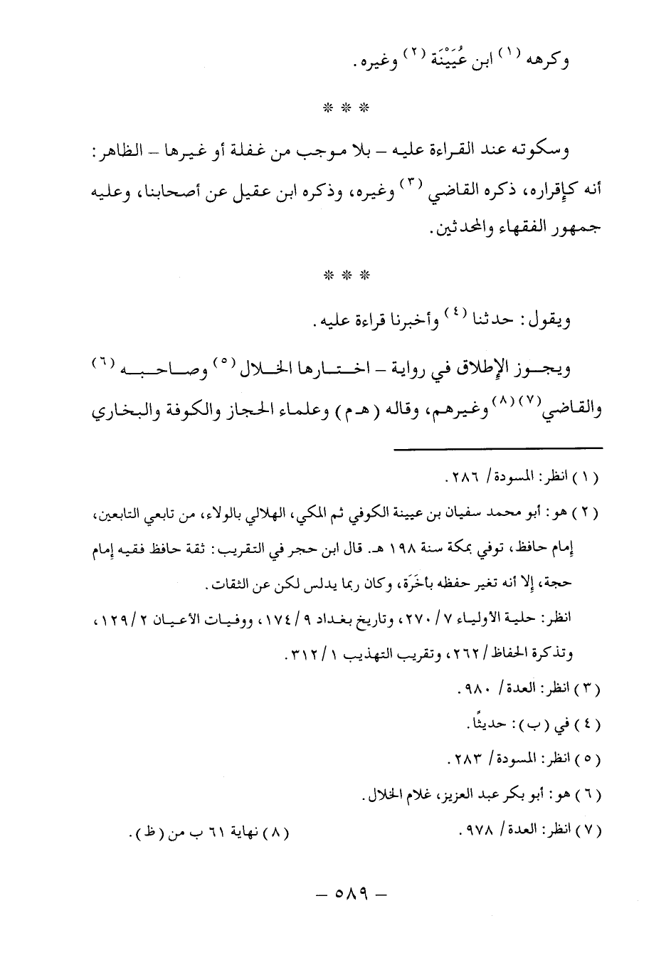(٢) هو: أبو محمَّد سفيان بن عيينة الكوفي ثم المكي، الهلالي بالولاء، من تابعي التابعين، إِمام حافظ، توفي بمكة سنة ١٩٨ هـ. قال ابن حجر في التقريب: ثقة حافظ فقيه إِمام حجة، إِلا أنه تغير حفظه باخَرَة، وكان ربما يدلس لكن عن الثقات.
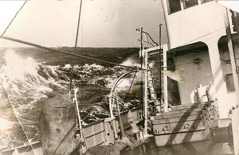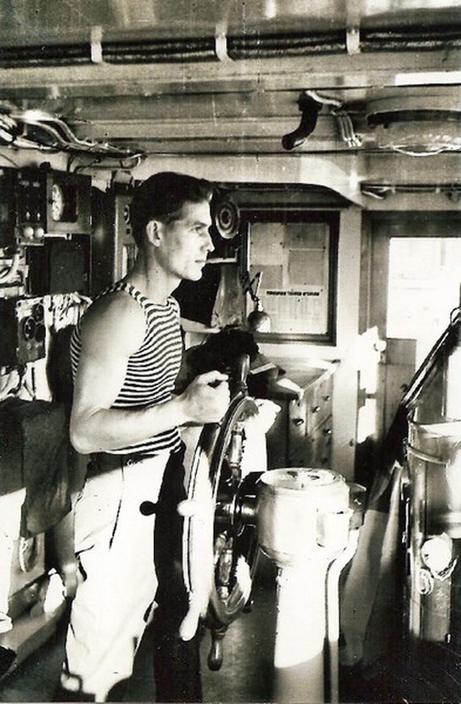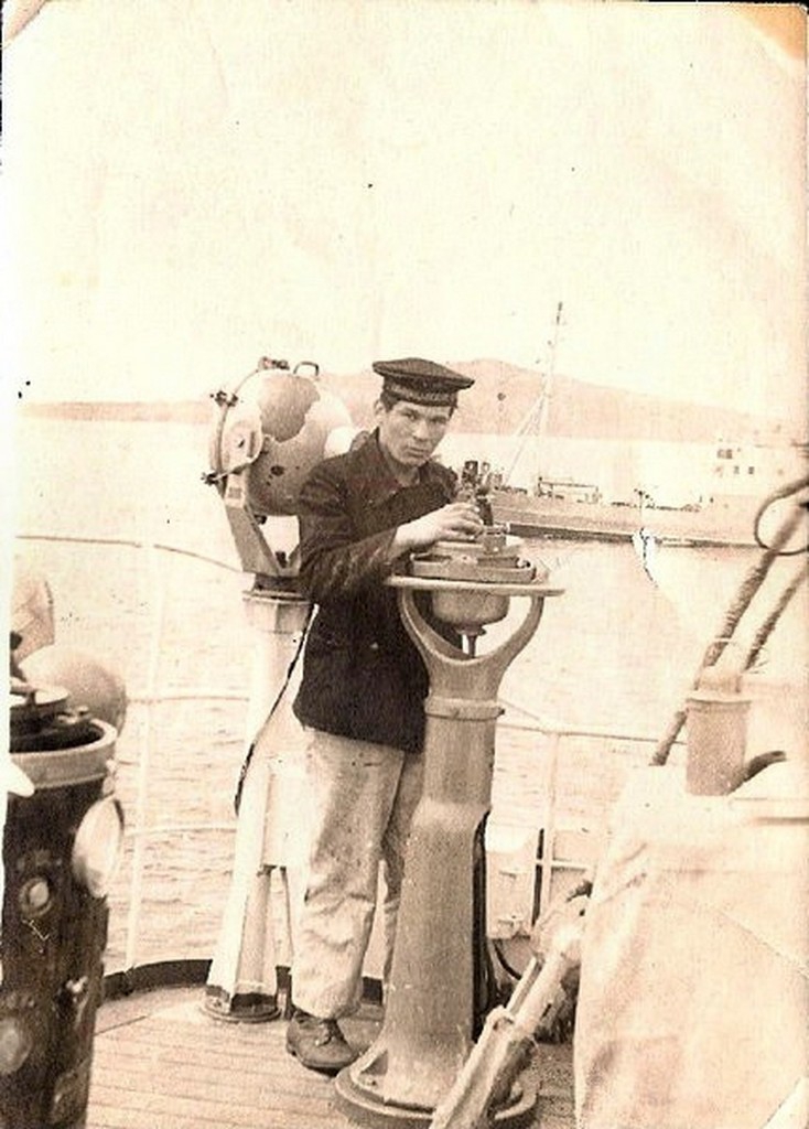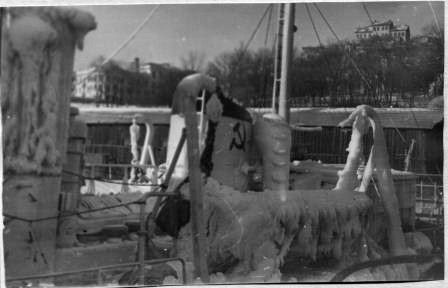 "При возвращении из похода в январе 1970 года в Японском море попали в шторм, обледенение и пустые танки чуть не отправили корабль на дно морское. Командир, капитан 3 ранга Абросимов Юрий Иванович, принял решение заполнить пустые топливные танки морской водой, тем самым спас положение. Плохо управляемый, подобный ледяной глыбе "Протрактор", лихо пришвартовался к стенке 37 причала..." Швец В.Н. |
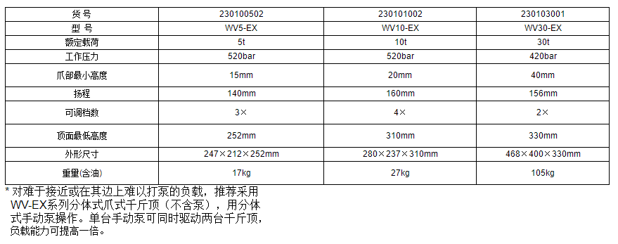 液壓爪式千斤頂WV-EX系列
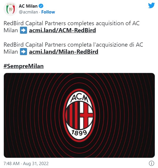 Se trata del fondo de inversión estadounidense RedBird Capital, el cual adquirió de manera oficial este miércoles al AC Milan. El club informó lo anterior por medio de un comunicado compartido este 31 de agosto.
---
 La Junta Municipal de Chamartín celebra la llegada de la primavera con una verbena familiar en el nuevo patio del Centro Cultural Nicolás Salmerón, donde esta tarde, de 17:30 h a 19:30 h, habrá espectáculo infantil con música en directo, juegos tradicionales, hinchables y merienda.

## PROBLEM DETAILS
Copy only what lies between the line with "液壓爪式千斤頂WV-EX系列" and the line with "Se trata del", those two lines included, exactly as given above; pictures stay out.

## OUTPUT OF THE TASK
 液壓爪式千斤頂WV-EX系列
 Se trata del fondo de inversión estadounidense RedBird Capital, el cual adquirió de manera oficial este miércoles al AC Milan. El club informó lo anterior por medio de un comunicado compartido este 31 de agosto.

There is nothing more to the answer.